R-Spondin 1/Dickkopf-1/Beta-Catenin Machinery Is Involved in Testicular Embryonic Angiogenesis

Testicular vasculogenesis is one of the key processes regulating male gonad morphogenesis. The knowledge of the molecular cues underlining this phenomenon is one of today’s most challenging issues and could represent a major contribution toward a better understanding of the onset of testicular morphogenetic disorders. R-spondin 1 has been clearly established as a candidate for mammalian ovary determination. Conversely, very little information is available on the expression and role of R-spondin 1 during testicular morphogenesis. This study aims to clarify the distribution pattern of R-spondin 1 and other partners of its machinery during the entire period of testicular morphogenesis and to indicate the role of this system in testicular development. Our whole mount immunofluorescence results clearly demonstrate that R-spondin 1 is always detectable in the testicular coelomic partition, where testicular vasculature is organized, while Dickkopf-1 is never detectable in this area. Moreover, organ culture experiments of embryonic male UGRs demonstrated that Dickkopf-1 acted as an inhibitor of testis vasculature formation. Consistent with this observation, real-time PCR analyses demonstrated that DKK1 is able to slightly but significantly decrease the expression level of the endothelial marker Pecam1. The latter experiments allowed us to observe that DKK1 administration also perturbs the expression level of the Pdgf-b chain, which is consistent with some authors’ observations relating this factor with prenatal testicular patterning and angiogenesis. Interestingly, the DKK1 induced inhibition of testicular angiogenesis was rescued by the co-administration of R-spondin 1. In addition, R-spondin 1 alone was sufficient to enhance, in culture, testicular angiogenesis.
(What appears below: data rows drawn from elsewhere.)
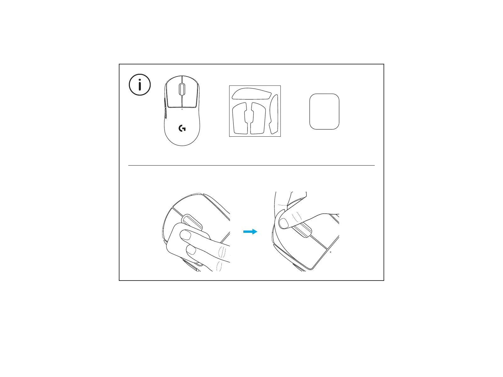 To install optional grip tape, rst clean surface of mouse with
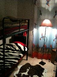-Chambre : lits superposés avec matelas neuf, télé avec DVD, draps et couvertures,placards,meuble de rangements, grand, miroir.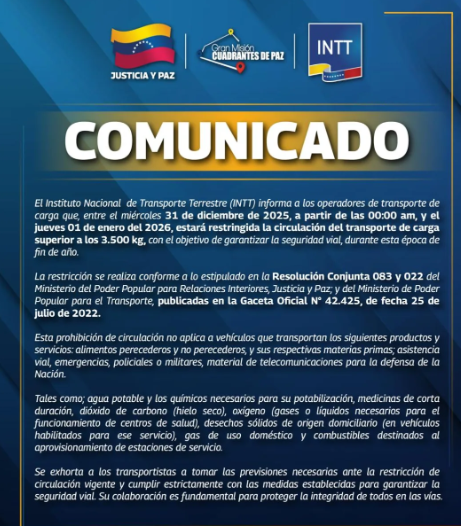 INTT anuncia que Transporte pesado tendrá restricción en Fin de Año -. El Instituto Nacional de Transporte Terrestre (INTT) anunció que desde este miércoles 31 de diciembre de 2025 a las 12:00 a. m. hasta el jueves 1° de enero de 2026, estará restringida la circulación de vehículos de carga pesada en todo el territorio nacional, como parte de un operativo especial por las festividades de Fin de Año. El objetivo es garantizar la seguridad vial y disminuir el riesgo de accidentes durante esta temporada de alta movilidad.

睾丸血管生成是调控雄性性腺形态发生的关键过程之一。阐明该现象背后的分子调控机制，是当前领域内极具挑战性的研究课题，同时也可为深入理解睾丸形态发生异常的发病机制提供重要理论支撑。R-spondin 1（R-spondin 1）已被明确认定为哺乳动物卵巢发育决定的候选因子。与之相对，目前关于R-spondin 1在睾丸形态发生过程中的表达模式与生物学功能的研究信息仍较为匮乏。本研究旨在明确R-spondin 1及其调控通路的其他相关因子在睾丸形态发生全周期中的分布特征，并阐明该信号系统在睾丸发育中的作用。我们的整体免疫荧光染色结果显示，R-spondin 1始终在睾丸体腔分区——即睾丸血管组织构建的区域——中可被检测到，而Dickkopf-1（Dickkopf-1）在该区域中无表达。此外，胚胎雄性泌尿生殖嵴的器官培养实验证实，Dickkopf-1可作为睾丸血管生成的抑制剂。与之相符的是，实时荧光定量PCR分析结果显示，DKK1能够小幅但显著地下调内皮标志物Pecam1的表达水平。后续实验进一步发现，DKK1处理还会干扰血小板衍生生长因子B链（Pdgf-b chain）的表达水平，这与已有研究中该因子与产前睾丸模式形成及血管生成相关的结论一致。值得注意的是，联合施用R-spondin 1可挽救DKK1介导的睾丸血管生成抑制效应；同时，单独施用R-spondin 1即可在培养体系中增强睾丸血管生成。